*HOW TO COMPLETE THIS TASK*. Each line of data below must be printed exactly as written, with any pictures removed.

*EXTRACTED DATA*.
Start of Block

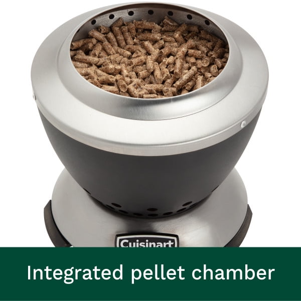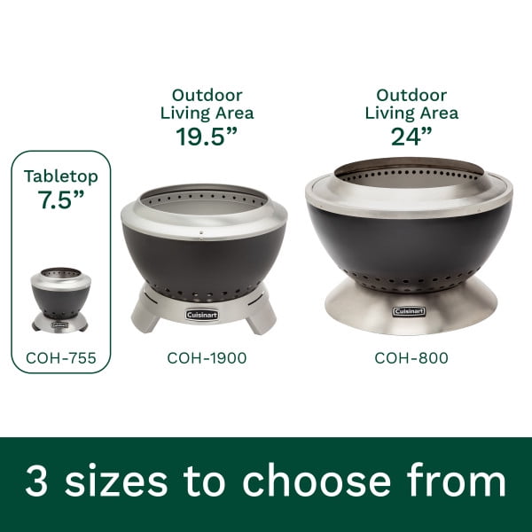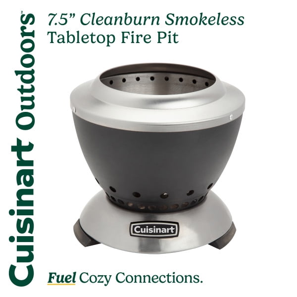 Take the warmth and ambiance of a fire wherever you go with the highly portable Cuisinart Cleanburn Smokeless Tabletop Fire Pit. This compact, 7.5-inch fire pit delivers the high heat of a traditional fire without the smoke. Its dual-fuel capability allows you to use wood pellets or mini firewood logs for a clean-burning flame that’s perfect for making s’mores or enjoying cozy evenings outdoors. The double-walled, stainless-steel design promotes superior airflow for quick ignition and efficient heating, while the patented removable ash base ensures easy cleanup in just two steps. Weighing just 2 lbs., it’s travel-friendly and includes a durable nylon carrying bag for effortless transport to your next adventure. Designed for tabletops, this sleek fire pit adds a modern touch to any outdoor space with raised legs providing additional heat dissipation. Whether for a patio dinner or a camping trip, the Cleanburn Smokeless Tabletop Fire Pit is the perfect companion for creating warm memories.
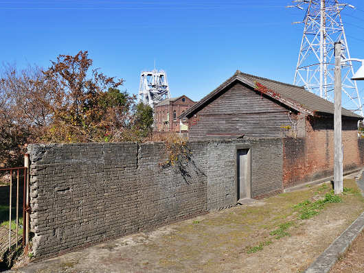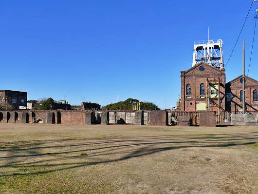 第二竪坑櫓の手前まで来ましたが、ここはこれまで見てきた二ヵ所の炭鉱跡のようにごく一部の施設などが残っているだけじゃなくて、炭坑の広い敷地内に施設全体が炭鉱遺構として残っているような感じでした。
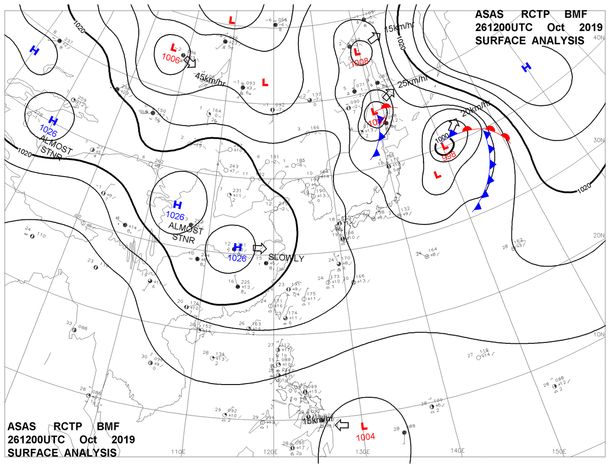 2019/10/26 12z sfcmap 天氣圖
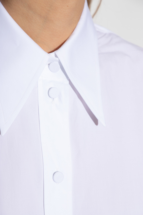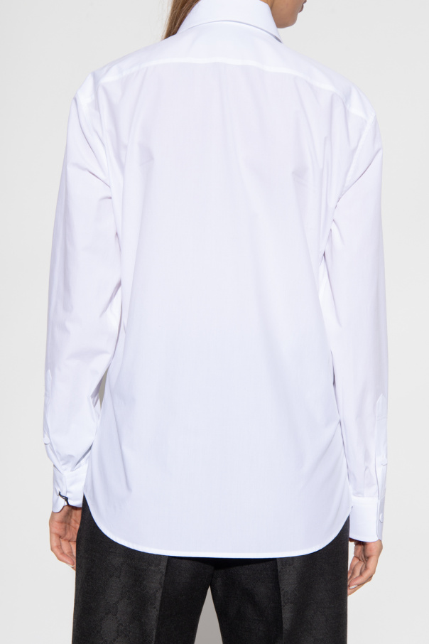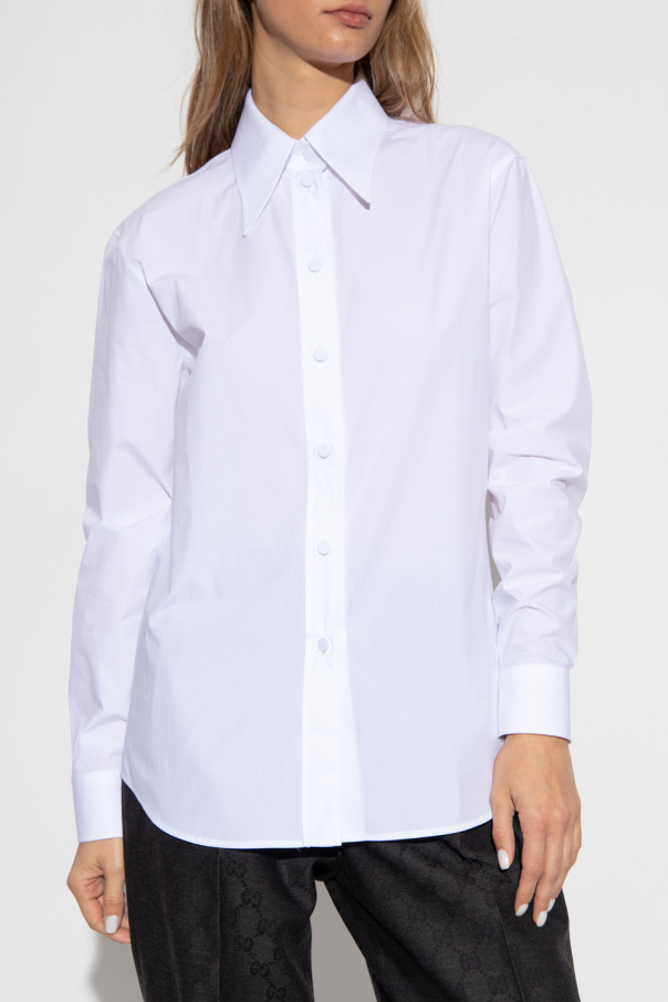 White shirt from Gucci. Crafted from cotton poplin with a form-fitting silhouette, this style features a pointed collar, button fastenings and long sleeves with button cuffs accentuated with ’Interlocking G’ monogram embroidery.
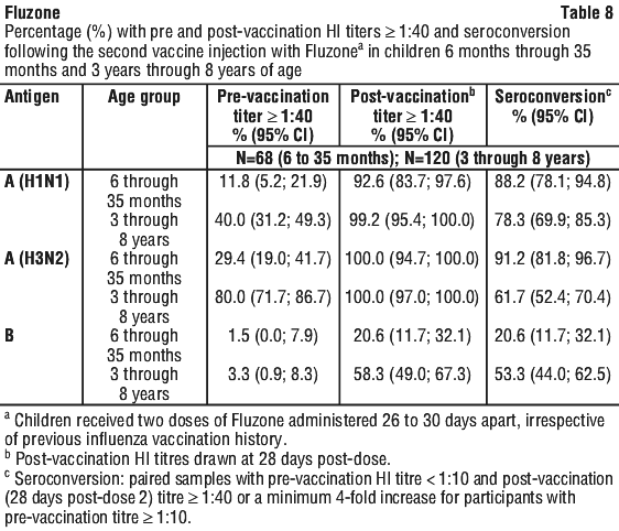 The percentage of participants who received influenza vaccination during the previous influenza season was 54.4% for the 6 months through 35 months age group and 27.5% for the 3 years through 8 years age group. Table 8 shows seroconversion rates and the percentage of participants with an HI titre ≥ 1:40 pre-vaccination and one month following the second dose of Fluzone.
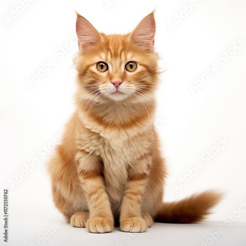 Charming fluffy orange Maine Coon kitten sitting with an inquisitive expression on a white background
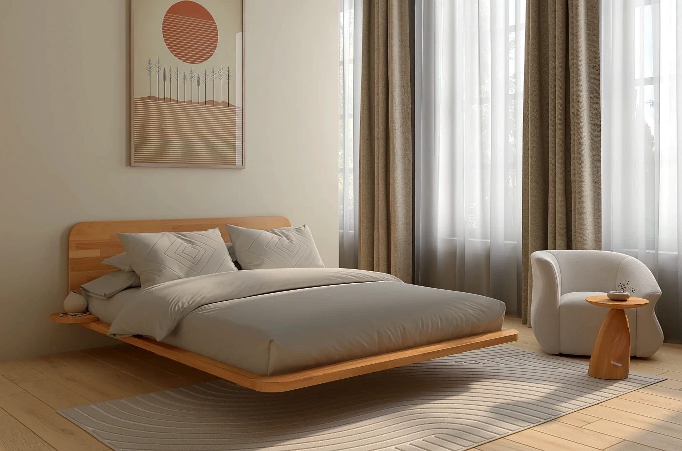 Nowoczesne łóżko drewniane w niezwykle modnym klimacie Japandi. Umiejętnie łączy powściągliwość w doborze dodatków oraz zamiłowanie do naturalnych barw i surowców.
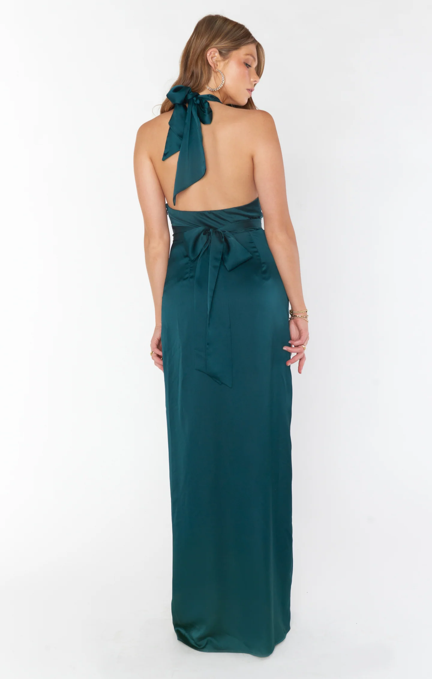 Luxe satin dress with a detachable sash and side slit, ideal for event occasions. It features a halter wrap neck and sultry backless design.
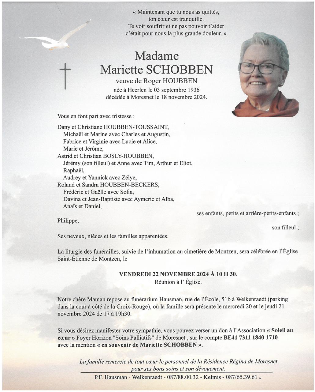 Madame Mariette SCHOBBEN
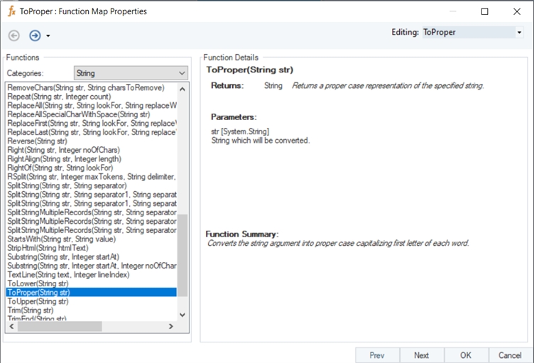 Converts the string argument into proper case by capitalizing the first letter of each word.
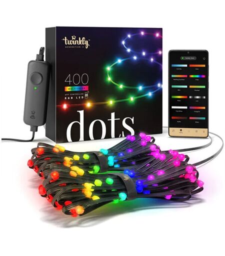 Dots – Guirlande Lumineux Flexible Contrôlé par une Application avec 400 LEDs rgb 20 Mètres. Fil Noir. Intérieure et Extérieure - Twinkly
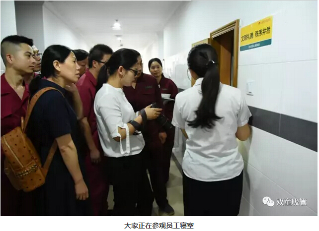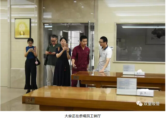接下來(lái),大家來(lái)到了員工餐廳,餐桌上的用餐提示語(yǔ)、墻上的相框、餐桌上的編號銅牌……隨處可見(jiàn)的優(yōu)質(zhì)細節都讓大家稱(chēng)贊不已!除此之外,員工的餐飲都是三菜一湯的標配,員工們使用后的所有碗筷都由食堂阿姨進(jìn)行清洗和消毒。大家在看到如此精細的就餐環(huán)境和硬件后紛紛表示很羨慕呢!
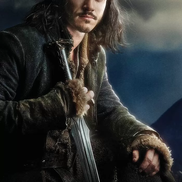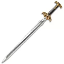 Bard the Bowman was the heir of Girion, the last Lord of Dale, and one of the most proficient archers of men. He wielded Girion’s ancient sword and was keeper of the last Black Arrow of Dale, which he used to slay the great dragon Smaug during the attack on Lake-town. Bard then fought alongside the elves and dwarves against the armies of Azog in the Battle of the Five Armies. He rallied his forces to lead the main defense against the orcs and trolls in the ruins of ancient Dale, bravely wielding his sword in victory over the enemy. The Sword of Bard the Bowman features a hilt bearing design motifs of ancient Dale, with a pommel in the shape of twin bird heads and a leather wrapped grip embossed with an overlapping scaled feather pattern. The blade is adorned with engraved grooves and a rune etching.
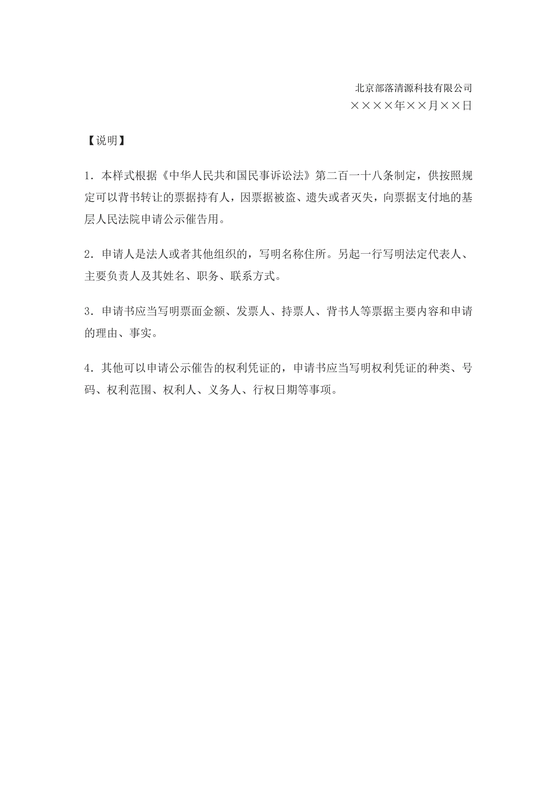 >申请书(申请公示催告用)
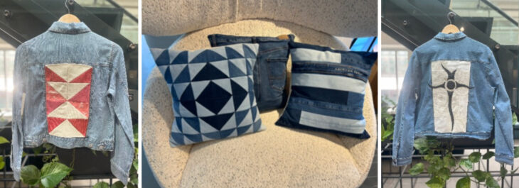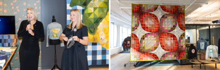 Left to Right: Abigail French, Regional Vice President at Steelcase and Katie Buhl, Associate Principal at Unispace; Upcycled quilt and jackets
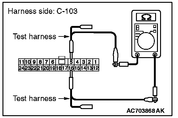 STEP 26. Check the wiring harness between joint connector (CAN1) C-103 and combination meter connector C-03 for line-to-line short. Measure the resistance at joint connector (CAN1) C-103.

End of Block

*TASK RESULT*.
 Take the warmth and ambiance of a fire wherever you go with the highly portable Cuisinart Cleanburn Smokeless Tabletop Fire Pit. This compact, 7.5-inch fire pit delivers the high heat of a traditional fire without the smoke. Its dual-fuel capability allows you to use wood pellets or mini firewood logs for a clean-burning flame that’s perfect for making s’mores or enjoying cozy evenings outdoors. The double-walled, stainless-steel design promotes superior airflow for quick ignition and efficient heating, while the patented removable ash base ensures easy cleanup in just two steps. Weighing just 2 lbs., it’s travel-friendly and includes a durable nylon carrying bag for effortless transport to your next adventure. Designed for tabletops, this sleek fire pit adds a modern touch to any outdoor space with raised legs providing additional heat dissipation. Whether for a patio dinner or a camping trip, the Cleanburn Smokeless Tabletop Fire Pit is the perfect companion for creating warm memories.
 第二竪坑櫓の手前まで来ましたが、ここはこれまで見てきた二ヵ所の炭鉱跡のようにごく一部の施設などが残っているだけじゃなくて、炭坑の広い敷地内に施設全体が炭鉱遺構として残っているような感じでした。
 2019/10/26 12z sfcmap 天氣圖
 White shirt from Gucci. Crafted from cotton poplin with a form-fitting silhouette, this style features a pointed collar, button fastenings and long sleeves with button cuffs accentuated with ’Interlocking G’ monogram embroidery.
 The percentage of participants who received influenza vaccination during the previous influenza season was 54.4% for the 6 months through 35 months age group and 27.5% for the 3 years through 8 years age group. Table 8 shows seroconversion rates and the percentage of participants with an HI titre ≥ 1:40 pre-vaccination and one month following the second dose of Fluzone.
 Charming fluffy orange Maine Coon kitten sitting with an inquisitive expression on a white background
 Nowoczesne łóżko drewniane w niezwykle modnym klimacie Japandi. Umiejętnie łączy powściągliwość w doborze dodatków oraz zamiłowanie do naturalnych barw i surowców.
 Luxe satin dress with a detachable sash and side slit, ideal for event occasions. It features a halter wrap neck and sultry backless design.
 Madame Mariette SCHOBBEN
 Converts the string argument into proper case by capitalizing the first letter of each word.
 Dots – Guirlande Lumineux Flexible Contrôlé par une Application avec 400 LEDs rgb 20 Mètres. Fil Noir. Intérieure et Extérieure - Twinkly
接下來(lái),大家來(lái)到了員工餐廳,餐桌上的用餐提示語(yǔ)、墻上的相框、餐桌上的編號銅牌……隨處可見(jiàn)的優(yōu)質(zhì)細節都讓大家稱(chēng)贊不已!除此之外,員工的餐飲都是三菜一湯的標配,員工們使用后的所有碗筷都由食堂阿姨進(jìn)行清洗和消毒。大家在看到如此精細的就餐環(huán)境和硬件后紛紛表示很羨慕呢!
 Bard the Bowman was the heir of Girion, the last Lord of Dale, and one of the most proficient archers of men. He wielded Girion’s ancient sword and was keeper of the last Black Arrow of Dale, which he used to slay the great dragon Smaug during the attack on Lake-town. Bard then fought alongside the elves and dwarves against the armies of Azog in the Battle of the Five Armies. He rallied his forces to lead the main defense against the orcs and trolls in the ruins of ancient Dale, bravely wielding his sword in victory over the enemy. The Sword of Bard the Bowman features a hilt bearing design motifs of ancient Dale, with a pommel in the shape of twin bird heads and a leather wrapped grip embossed with an overlapping scaled feather pattern. The blade is adorned with engraved grooves and a rune etching.
 >申请书(申请公示催告用)
 Left to Right: Abigail French, Regional Vice President at Steelcase and Katie Buhl, Associate Principal at Unispace; Upcycled quilt and jackets
 STEP 26. Check the wiring harness between joint connector (CAN1) C-103 and combination meter connector C-03 for line-to-line short. Measure the resistance at joint connector (CAN1) C-103.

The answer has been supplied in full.